▼▼▼

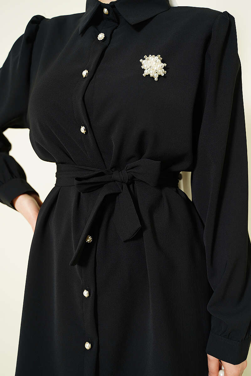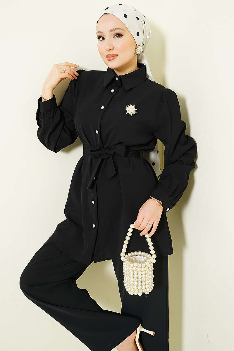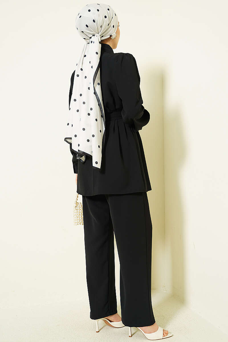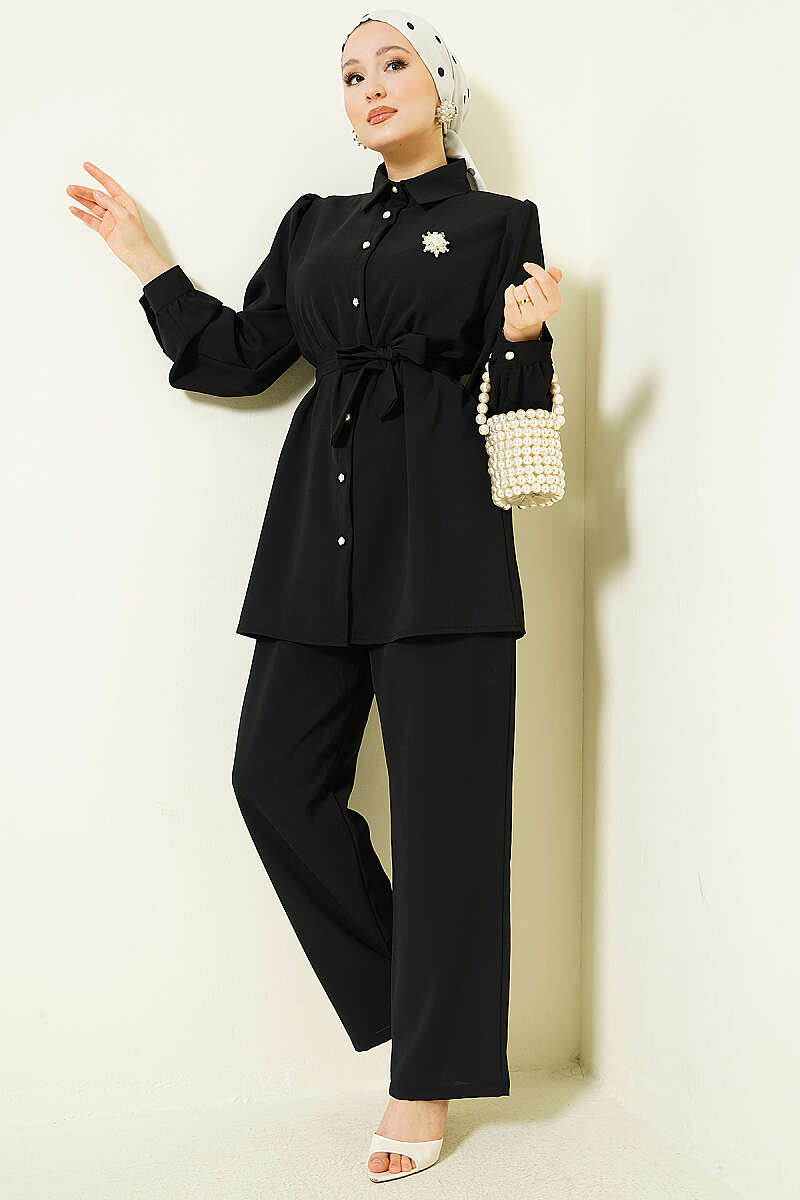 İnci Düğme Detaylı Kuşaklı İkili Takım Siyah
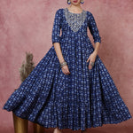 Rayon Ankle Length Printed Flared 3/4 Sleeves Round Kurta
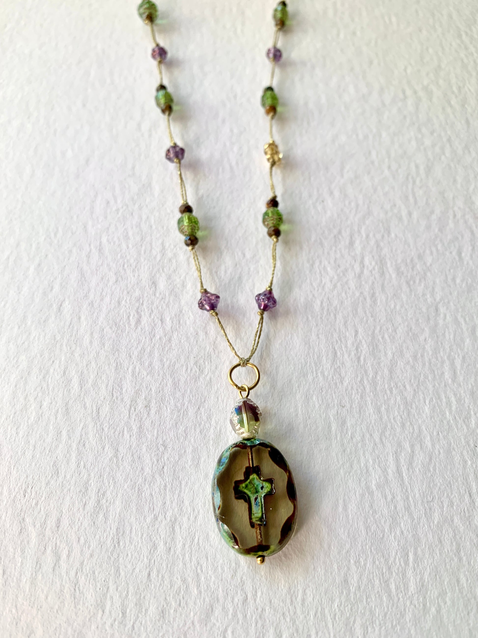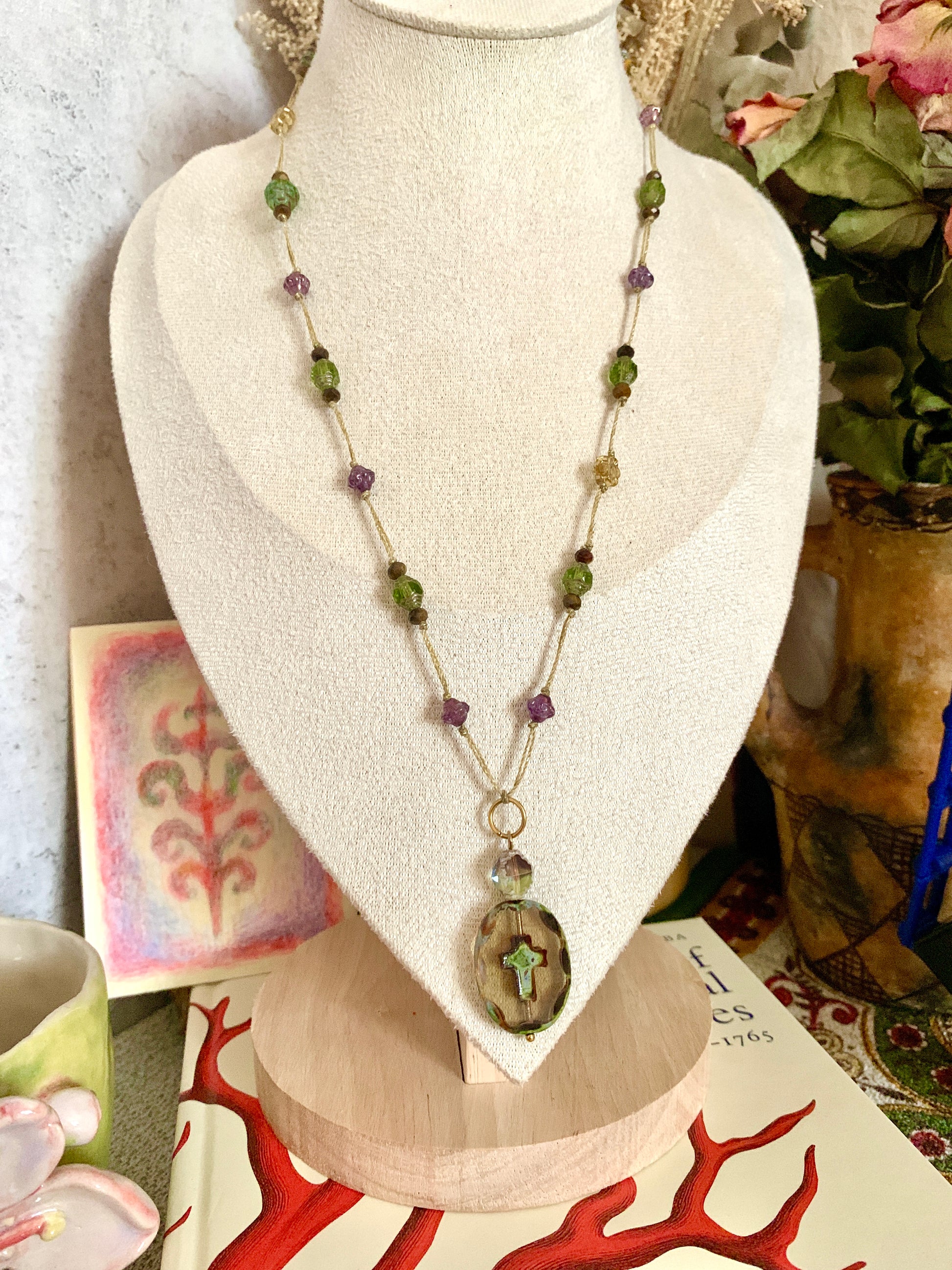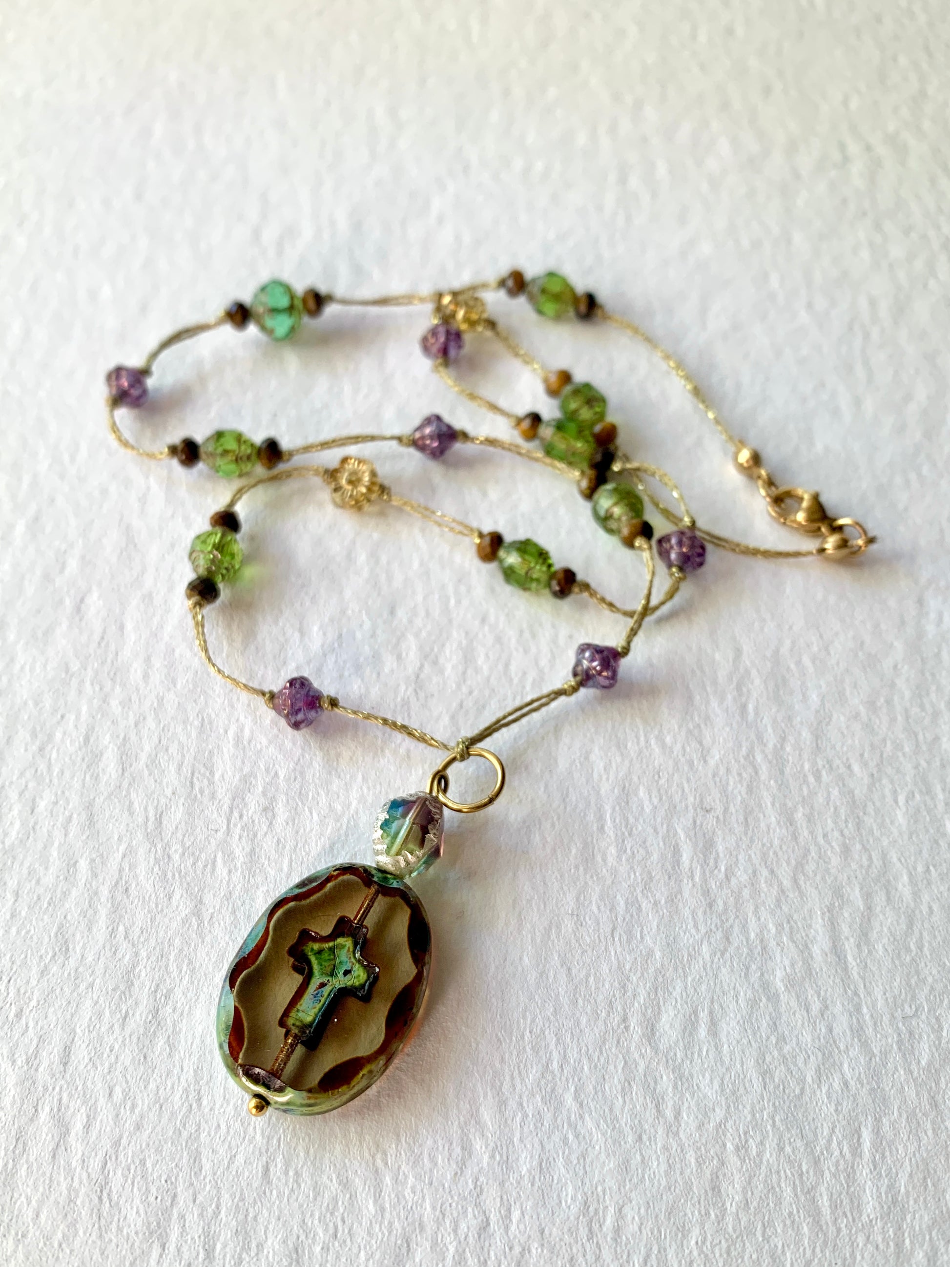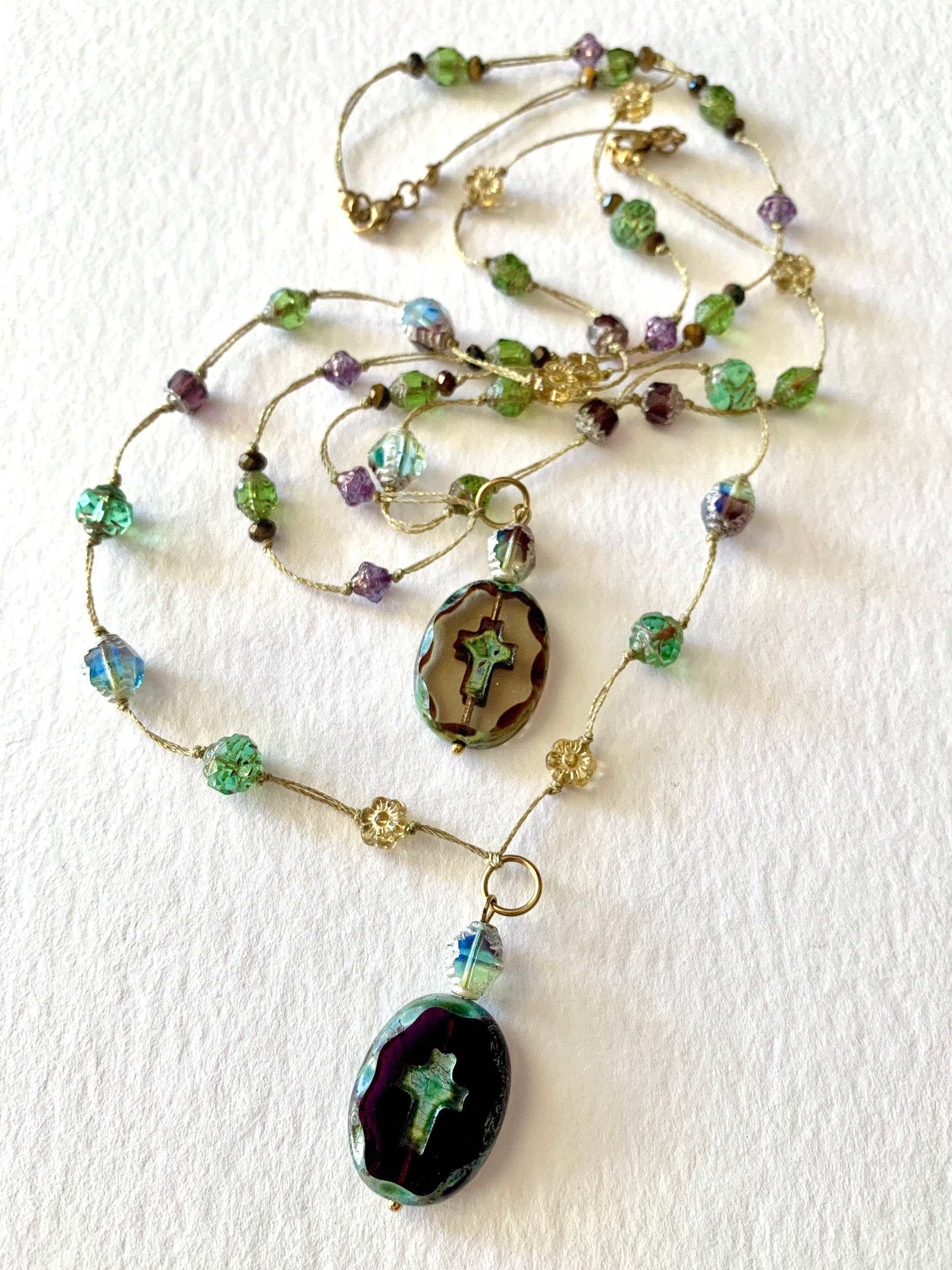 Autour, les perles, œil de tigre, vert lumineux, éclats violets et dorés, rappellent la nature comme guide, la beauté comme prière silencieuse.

▲▲▲

Please set down the whole listing exactly, apart from the pictures.

Response to this exercise
 İnci Düğme Detaylı Kuşaklı İkili Takım Siyah
 Rayon Ankle Length Printed Flared 3/4 Sleeves Round Kurta
 Autour, les perles, œil de tigre, vert lumineux, éclats violets et dorés, rappellent la nature comme guide, la beauté comme prière silencieuse.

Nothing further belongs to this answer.